Si le 48ème BCC dispose de sa pleine dotation en chars, le 33ème BCC reste un bataillon de     papier jusqu’au début du mois d’octobre quand il reçoit ses premiers AMX-44 tout justes     sortis des chaines de montage de Gien.

On trouve le 8ème Groupement Antiaérien de Campagne (6ème GAAC) disposant d’un état-    major, d’une batterie hors rang et de quatre batteries, deux batteries équipées de canons de 75mm et deux batteries équipées de canons de 37mm Schneider, canons remorqués par des     véhicules tout-terrains Laffly.

-Dans le domaine du soutien, on trouve des unités dépendant de l’artillerie (parc de     réparations d’artillerie n°8, parc de réparation des équipages et des ferrures n°8, le parc de     réparation automobile n°8, le parc d’essence et ingrédients d’armée n°8 et le parc de     munitions d’armée n°8).

-Le génie aligne diverses unités de sapeurs mineurs et de sapeurs routiers, une compagnie     d’électro-mécaniciens et un parc de génie d’armée.

-En ce qui concerne les transmissions, on trouve le 808me bataillon de sapeurs     télégraphistes d’armée, le 821ème parc de transmissions d’armée et diverses unités associées.

-Le train soutien la huitième armée avec sept compagnies hippomobiles et six compagnies     automobiles dont deux sanitaires ainsi qu’une compagnie citerne.

-L’intendance, le service de santé, le service vétérinaire, le service des remontes dispose     également d’unités intervenant en soutien de la 6ème Armée.

-La gendarmerie déploie pour maintenir l’ordre sur l’arrière et gérer les prisonniers un commandement de la gendarmerie et forces prévôtales de la 8ème armée.

-L’armée de l’air déploie plusieurs unités de chasse, de reconnaissance et d’appui tactique en soutien de la 8ème armée, le GRAVIA-VIIIA et des GAO destinés eux à l’éclairage des Corps d’Armée.

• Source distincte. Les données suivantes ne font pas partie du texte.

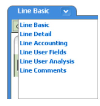
Figure 5. Line Item tabs

NOTE Clicking the Change button on any tab affects all the tabs and returns you to the Line Basic tab.

Le GRAVIA VIII-A dispose pour assurer la couverture aérienne, l’appui-feu et la reconnaissance des moyens suivants :

-La 15ème Escadre de Chasse stationnée à Chissey dispose de deux groupes équipés d’Arsenal VG-36 et de Bréguet Br700C2 et d’un groupe équipé d’Arsenal VG-39 et de Bréguet Br700C2.

-L’appui-feu est assurée depuis la base aérienne de Malbouhans par un groupe de bombardiers moyens, le GB III/11 équipé de Lioré et Olivier Léo 458 et deux groupes de bombardement légers, les GB II et GB III/62 équipés de Glenn-Martin 167/187F.

-La reconnaissance est assurée depuis la base aérienne de Dole-Tavaux par le GR IV/33 équipée de 36 Bloch MB-175.

Le GRAVIA VIIIA dispose au total de 108 chasseurs, de 81 bombardiers et 36 avions de reconnaissance soit un total de 225 avions.

A ces avions s’ajoute trois Groupes Aériens d’Observation, les GAO-510, GAO-511 et GAO-527.

-Le Groupe Aérien d’Observation 510 stationné à Malbouhans dispose de dispose de huit Bloch MB-176 de reconnaissance armée, de douze Dewoitine D-720 de coopération et quinze ANF-Les Mureaux ANF-123 d’observation et de réglage de tir.

-Le Groupe Aérien d’Observation 511 stationné à Dole-Tavaux dispose de huit Bloch MB-175 de reconnaissance armée, de douze Dewoitine D-720 de coopération et quinze ANF-Les Mureaux ANF-123 d’observation et de réglage de tir.

-Le Groupe Aérien d’Observation 527 stationné à Chissey dispose de huit Bloch MB-176 de reconnaissance armée, de douze Dewoitine D-720 de coopération et quinze ANF-Les Mureaux ANF-123 d’observation et de réglage de tir.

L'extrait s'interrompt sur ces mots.